Ce n’est pas la première fois que l’on est témoin de l’inconsistance de la politique étrangère turque, plus conjoncturelle que structurelle. La première rupture avait eu lieu au lendemain de la seconde guerre mondiale. Après une politique quasi-isolationniste, la Turquie avait dû choisir son camp. Elle était devenue partie du monde occidental, plus ou moins soumise à la puissance américaine. Un virage — certes timide — s’est opéré dans les années 1960, quand l’unilatéralisme (américain) a commencé à être jugé dangereux et inopérant, Ankara tentant de diversifier ses partenaires, de l’Union des républiques socialistes soviétiques (URSS) à la Communauté économique européenne (CEE). Mais le cap restait identique : l’Occident, autant en tant qu’objectif stratégique que projet civilisationnel.
Les choses changent à partir des années 1990. Des approches néo-ottomanistes et néo-panturquistes1 réhabilitent le passé ottoman à l’intérieur du pays et dans les relations extérieures. La période de la présidence de Turgut Özal (1989-1993) est celle où les Balkans reviennent dans la ligne de mire d’Ankara. Mais c’est surtout les républiques « turcophones » de l’Asie centrale, fraîchement libérées de l’ex-Union soviétique, qui ont remis au goût du jour la volonté de se poser en leader du monde turcophone. Cependant c’est un échec cinglant. Non seulement la Russie et l’Iran ne laissent pas le terrain libre à la Turquie dans leur hinterland mais de surcroît, ces Républiques centrasiatiques apprécient peu le comportement paternaliste d’Ankara.

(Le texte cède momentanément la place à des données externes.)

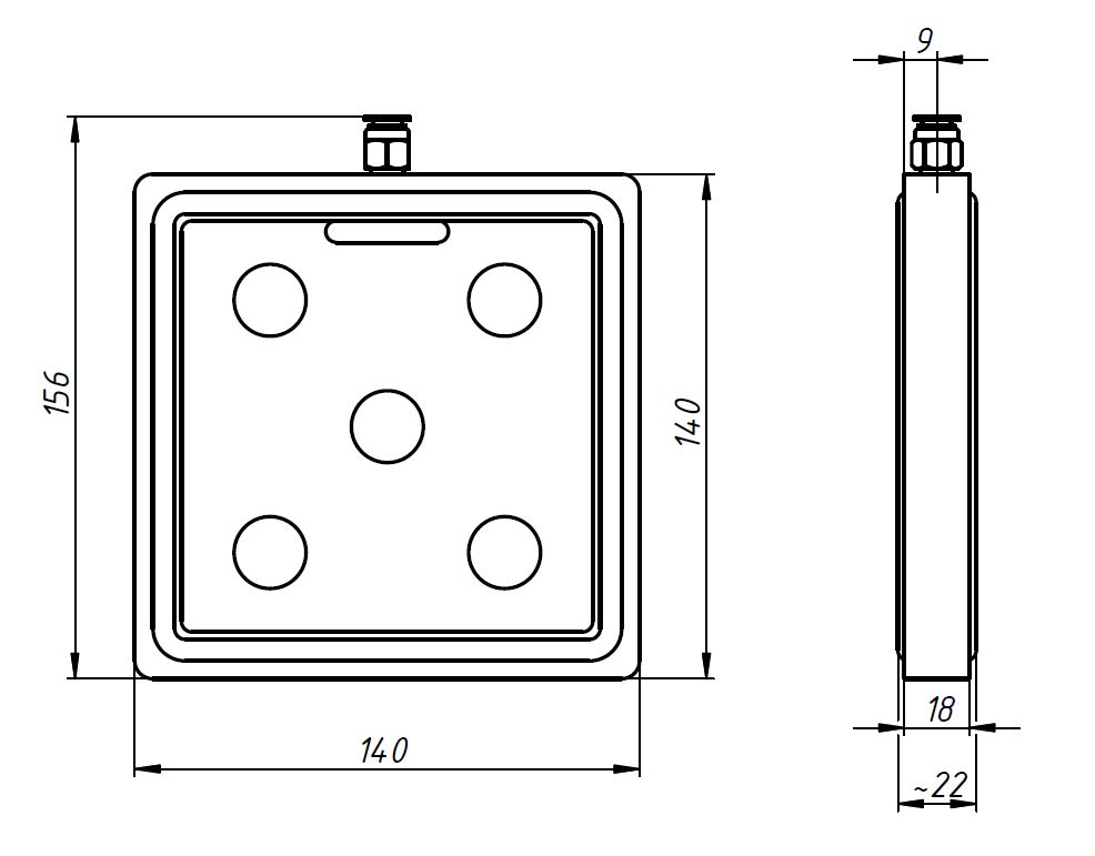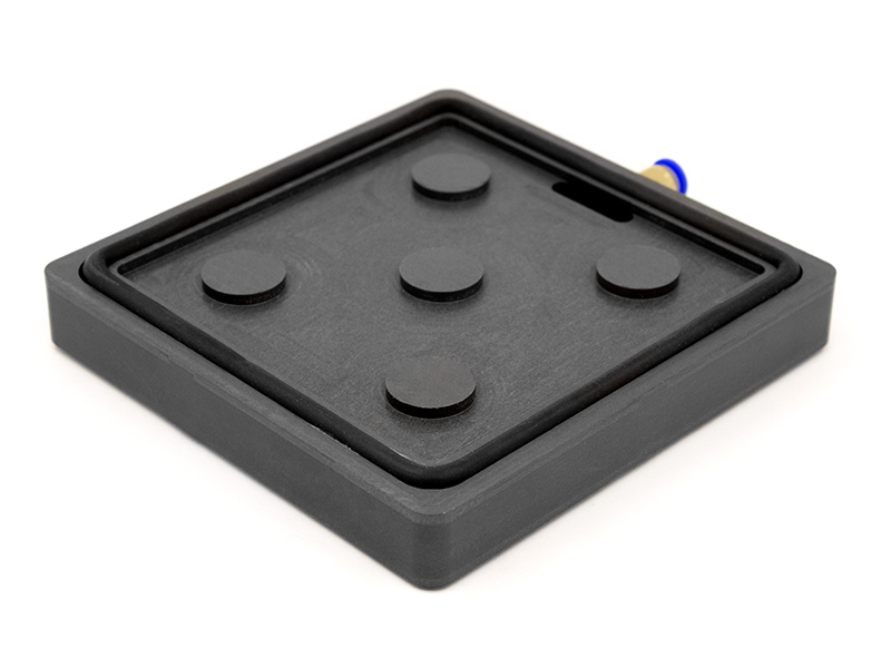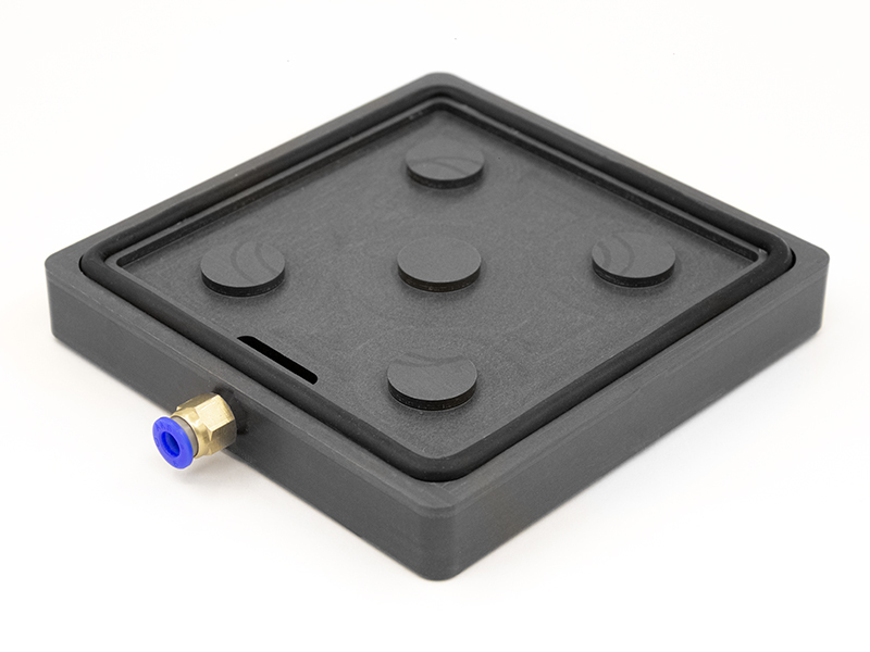 ВП 140х140 мм (двухсторонняя) – габаритные размеры 140х140х22 мм (толщина без шнура 18 мм), выполнена из листового алюминия, установлен фитинг PC6-М6 для подключения шланга вакуумного насоса с наружным диаметром 6 мм, предпочтительно использовать с бесщеточными вакуумными насосами например- FY-1H-N 150Вт, установка производится совместно с обрабатываемым материалом при помощи вакуума.

À partir de la deuxième moitié des années 1990, avec la montée de l’islam politique en Turquie, le cap a changé à nouveau. Millî Görüş, le mouvement fondé par Necmettin Erbakan dans les années 1970 commence à dominer petit à petit la scène politique, en promouvant l’islam sunnite et surtout en diabolisant cet Occident mécréant. Le pouvoir actuel, issu de la scission de ce mouvement en 2001 a opéré deux accélérations spectaculaires au début des années 2000 : l’une à propos des réformes européennes jusqu’en 2007 ; l’autre dans le réchauffement des relations avec les voisins qui s’est avéré plus idéologique (islam politique) que stratégique. Plus le pouvoir de Recep Tayyip Erdogan se personnalisait, plus les relations étrangères devenaient irrationnelles, avec l’objectif évident de prendre le leadership du monde musulman.
Qu’en est-il de l’Afrique et quelle est la signification de la visite récente du président turc, accompagné par une délégation pléthorique de journalistes et d’hommes d’affaires ? Le sens est à chercher dans la conjugaison de trois différentes faillites politiques de ces dernières années.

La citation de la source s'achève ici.